WASHINGTON (CN) — The Justice Department struggled to defend a data-sharing agreement between the Internal Revenue Service and U.S. Immigration and Customs Enforcement that allows the immigration agency to make mass requests for immigrants’ addresses before the D.C. Circuit on Tuesday.
The three-judge panel signaled it was likely to side with the Center for Taxpayer Rights and affirm a federal judge’s ruling that the agreement was unlawful because of evidence the IRS handed over taxpayer addresses without confirming ICE first had the addresses.
U.S. District Judge Colleen Kollar-Kotelly ruled in February that the IRS violated its own code “approximately 42,695 times” for each instance it disclosed last known taxpayer addresses to ICE even when their requests were insufficient.
The immigration agency is required to identify the name and addresses of the taxpayer it is requesting personally identifiable information on, rather than request information en masse.
The Bill Clinton appointee noted that, in her November 2025 preliminary injunction, she already found the IRS violated that requirement because of examples where the IRS handed over taxpayer addresses without confirming that ICE first had the taxpayers’ addresses.
The system was so lax, Kollar-Kotelly emphasized, that ICE could have submitted requests with an address like “Don’t Care 12345” or “00000” and still receive a taxpayer’s address.
U.S. Circuit Judges Cornelia Pillard and Patricia Millett, both Barack Obama appointees, grilled Justice Department attorney Jacob Christensen on the government’s position that, because a memorandum of understanding between the agencies did not count as final agency action, the advocacy group could not challenge it under the Administrative Procedure Act.
Pillard pointed to a supplemental declaration filed Feb. 11 by IRS Chief Risk and Control Office Dottie Romo, who described an automated procedure where the IRS would determine if ICE-supplied information matched any of the agency’s records.
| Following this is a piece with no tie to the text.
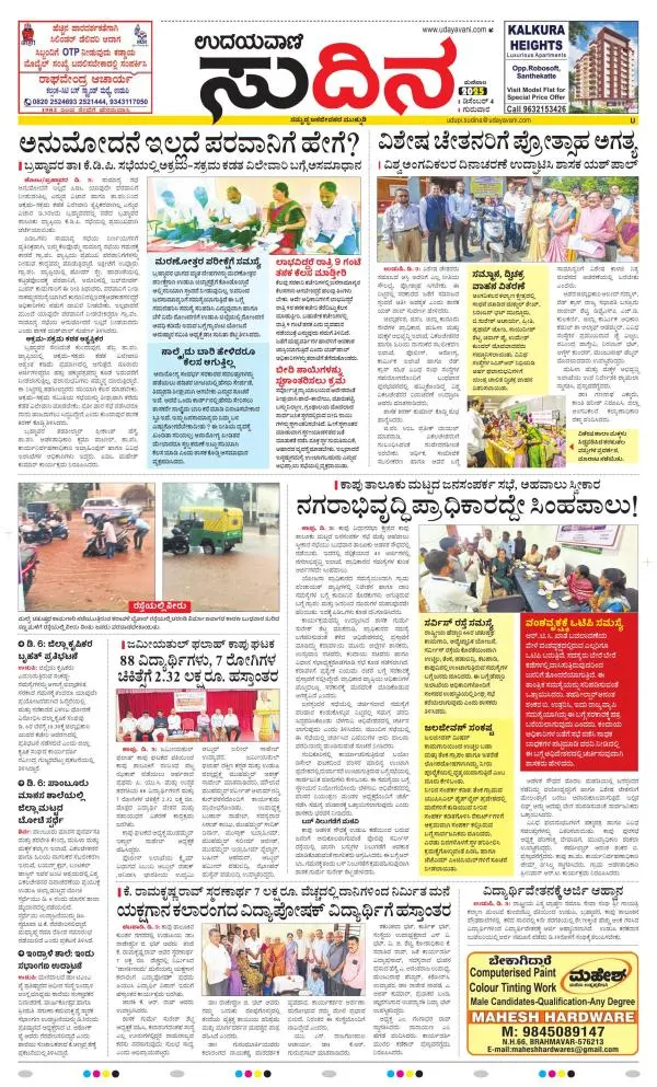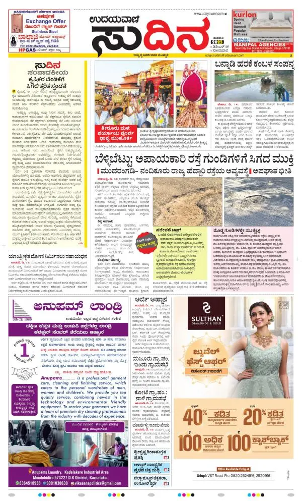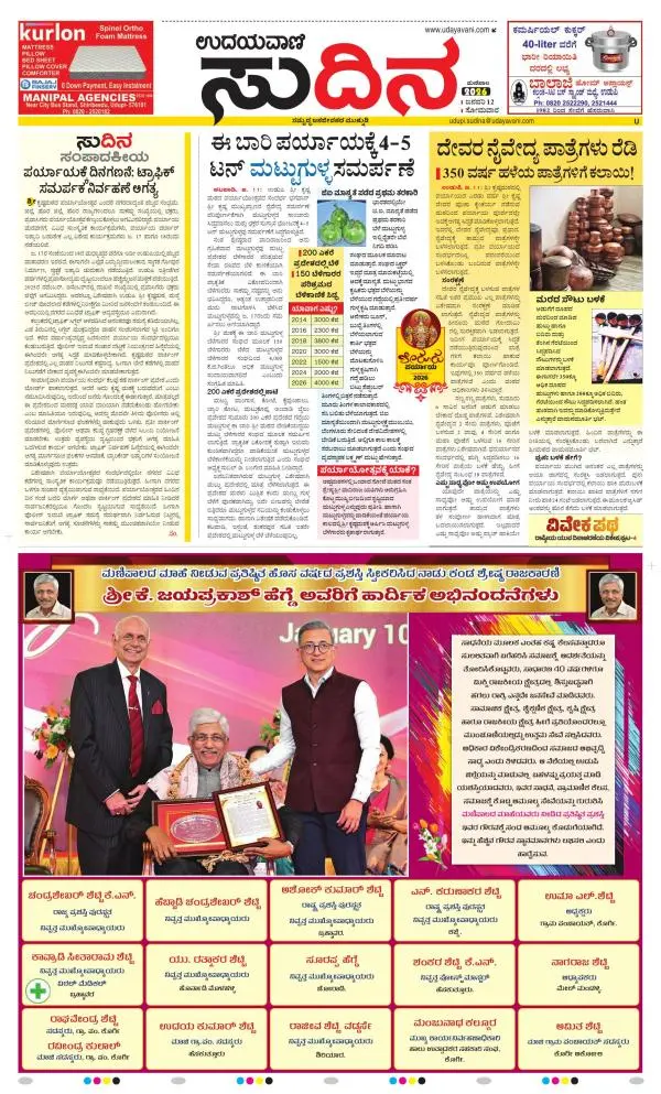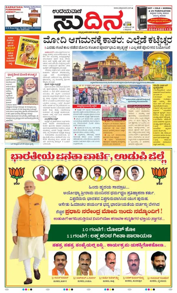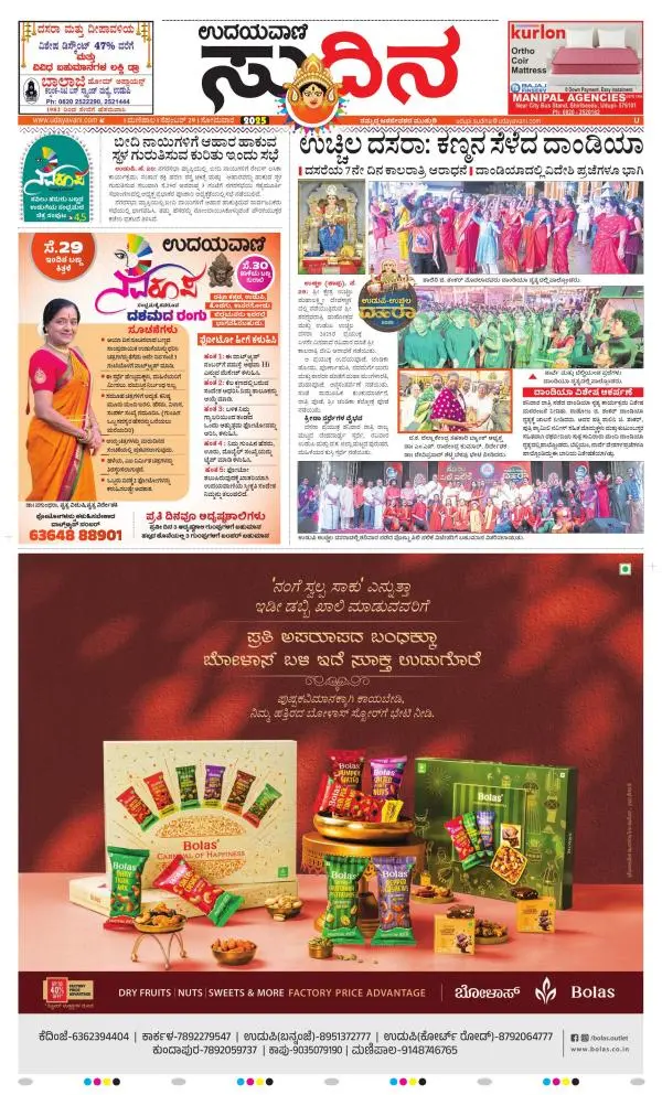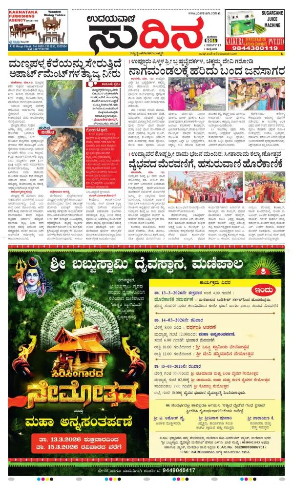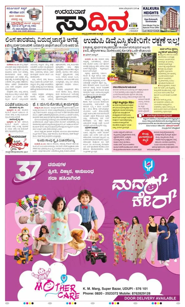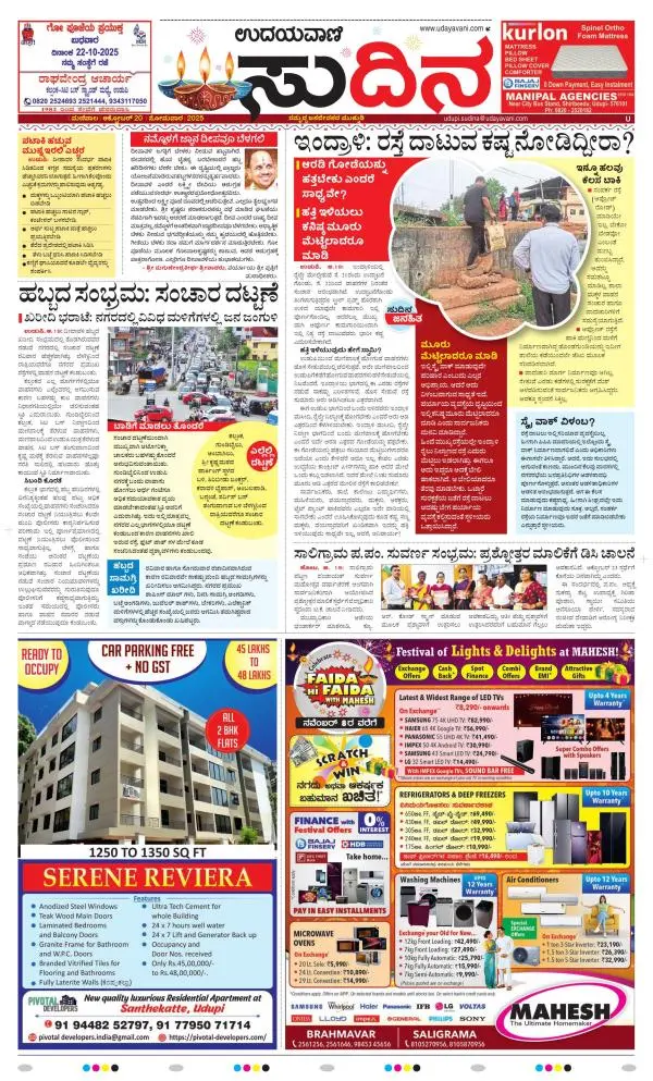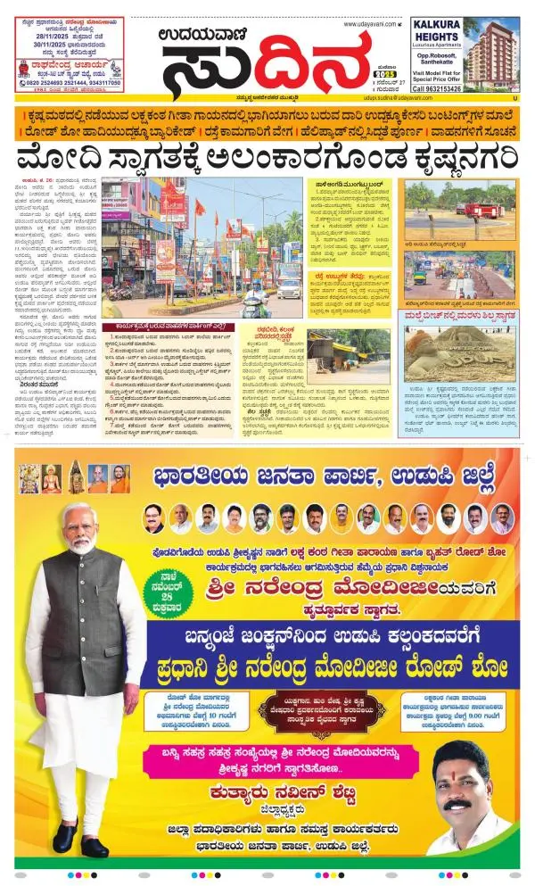 Udayavani is a leading Kannada Daily Newspaper with editions from Manipal, Bangalore, Mumbai, Hubli, Gulbarga & Davanagere.

For example, if ICE provided a Social Security number for an individual, the IRS would provide their last known address.
Christensen argued the tax agency’s policy has always been to ignore requests without addresses, but Pillard said that directly contradicted Romo’s declaration, adding the court doesn’t “have mind readers” and can only look at the agency’s actions and words.
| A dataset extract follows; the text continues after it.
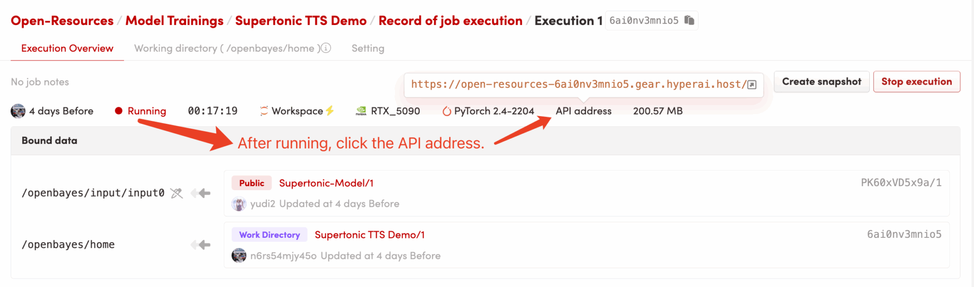 dependencies.shThe CUDA environment will be configured automatically and the model will be loaded. Since core dependencies are pre-installed, this process is very fast, usually taking only 1-2 minutes. - Accessing the application: After the container status changes to "Running", click the "API Address" button in the upper right corner of the container details page to open the Grado web interface.

Christensen replied that the memorandum of understanding implemented the policy imperfectly, and thus the advocacy group could only make an “as applied” challenge rather than gut the entire policy itself.
U.S. Circuit Judge Robert Wilkins, also an Obama appointee, compared the government’s position to that of a local police department when an officer is accused of misconduct, where the department argues it cannot be held liable because the officer acted outside of his training.
Christensen agreed and said if the advocacy group wished to challenge the underlying August 2025 disclosure — where approximately 40,000 taxpayers’ information was provided without adequate requests from ICE — it could do so and the government would admit its mistake.
However, because the advocates argue the IRS has a broader policy to make disclosures even when an address is not provided, they do not have a case under the APA, according to Christensen.
Wilkins was not convinced.
“The plaintiffs are saying that the agency maybe has written down one thing in the [memo] but the agency is really doing something else, and we can see that because of what they did,” Wilkins said. “And there’s no reason to believe that they’re going to do anything differently in the future. So saying that the Justice Department said in some papers that its not going to happen again, doesn’t really answer the question of whether the agency is going to do it again.”
Christensen said the Romo declaration was proof the agency both acknowledged its own problematic conduct and would not repeat it.
Wilkins pointed out that admission meant, if there were another instance of improper address disclosures, a federal judge could hold the government in contempt, to which Christensen agreed.